La dirigencia del PRI en funciones es el epítome de su historia reciente, la más ruin e ignominiosa. Enfermo de poder, que ya no tiene, Alejandro Moreno tomó la presidencia partidaria virtualmente por asalto, y con artimañas pretende extender su gestión un año más de la estatutaria. El propósito no es otro que repartir el último botín entre él y sus secuaces: diputaciones, senadurías y otros cargos.
Si en 2012 el PRI resurgió de las cenizas abanderado por un candidato presidencial infame, no fue para corresponder el voto con un Gobierno decente, sino para confirmar que «el lobo muda el pelo, mas no el celo». La incompetencia y venalidad de la administración peñista, secundadas por el PAN y el PRD, le abrieron las puertas de la presidencia a Andrés Manuel López Obrador.
El golpe de Moreno para deponer de la coordinación del grupo parlamentario del Senado a Miguel Ángel Osorio, quien, junto con otros legisladores del PRI (Claudia Ruiz, Dulce María Sauri y Pedro Joaquín Coldwell) impugnaron ante la Comisión de Justicia Partidaria y el Tribunal Electoral del Poder Judicial de la Federación (TEPJF) las cambios al estatuto favorables a su actual jerarca, constituye un acto desesperado e inútil.
El partido tricolor fue secuestrado por una mafia y no ha habido una respuesta enérgica para rescatarlo. Sauri califica de «artera» la reforma y dice que «la única vía para retomar el camino es la institucionalidad».
La imposición de Alejandro Moreno provocó una nueva oleada de renuncias en una organización vacía de ideología y en crisis permanente de liderazgo y credibilidad. Osorio fue secretario de Gobernación de Peña Nieto y uno de los aspirantes a sucederle. Su paso por el Gobierno de Hidalgo, por el gabinete y por el Senado ha sido marcado por la ineptitud, la intrascendencia y los negocios a la sombra del poder. Como responsable de la política interior en el sexenio pasado tuvo algunos destellos, pero como encargado de la seguridad fracasó en redondo. El escaño senatorial lo recibió como premio de consolación una vez que el PRI prefirió perder con un tecnócrata transexenal (José Antonio Meade) la presidencia.
El TEPJF, que en no pocos casos ha dado muestras de entreguismo y cedido a las presiones del poder político y de la oligarquía, deberá demostrar su autonomía y ratificar la decisión del INE de cancelar las reformas por no cumplir los requisitos.
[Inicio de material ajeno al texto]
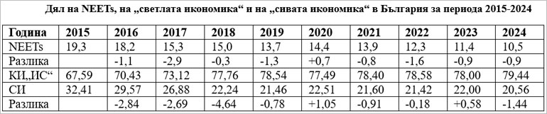Делът на младите хора, които не учат, не работят и не са обхванати от мерки за професионална квалификация е намалял от 2015 до 2024 година от 19,3% на 10,5%, тоест с 8,8 процентни пункта (п.п.). От друга страна, индексът „Икономиката на светло“ е нараснал от 67,59% на 79,44%, тоест с 11,85 п.п., респективно делът на „сивата икономика“ е намалял от 32,41% на 20,56%, тоест със същите 11,85 п.п.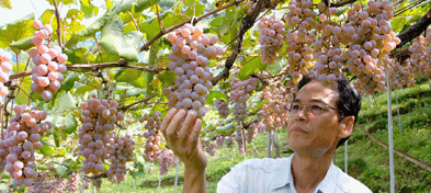 そして今、高井さんは地域との関連のなかでより意義のある事業展開をしようとされています。ぶどう生産農家との関わりのなかで果実の有効な利用法を模索し実践しているのです。過剰なぶどう、生食用としては不良なぶどうなどのワイン原料としての可能性、廉価な子供向けの清涼飲料の開発など、歴史的なものと将来の夢。元気をいっぱいいただいた取材でした。

Así evitará que Moreno permanezca en el cargo hasta 2024. El exgobernador de Campeche, cuya administración devino desastre, no ha renunciado a su deseo desmesurado de ser presidente de México cuando la prioridad debería ser mantener con vida a un partido agónico. Esa tarea corresponde a la militancia y a los escasos cuadros comprometidos con la historia y los principios originales de la que por más de 70 años fue la principal fuerza política del país.
Para que el candidato de la coalición tripartita Va por México sea Moreno, el PAN debería someterse y aceptar pactos como el celebrado con Peña Nieto para modificar la Constitución y aprobar reformas de espaldas a la ciudadanía, algunas de las cuales, como la energética, sirvieron a intereses privados y extranjeros. Las últimas dirigencias del PRI figuran entre las más infames después de haber tenido líderes con talla de estadista como Manuel Pérez Treviño, Lázaro Cárdenas, Carlos A. Madrazo, Jesús Reyes Heroles y Porfirio Muñoz Ledo. Frente a ellos, los actuales son una parodia.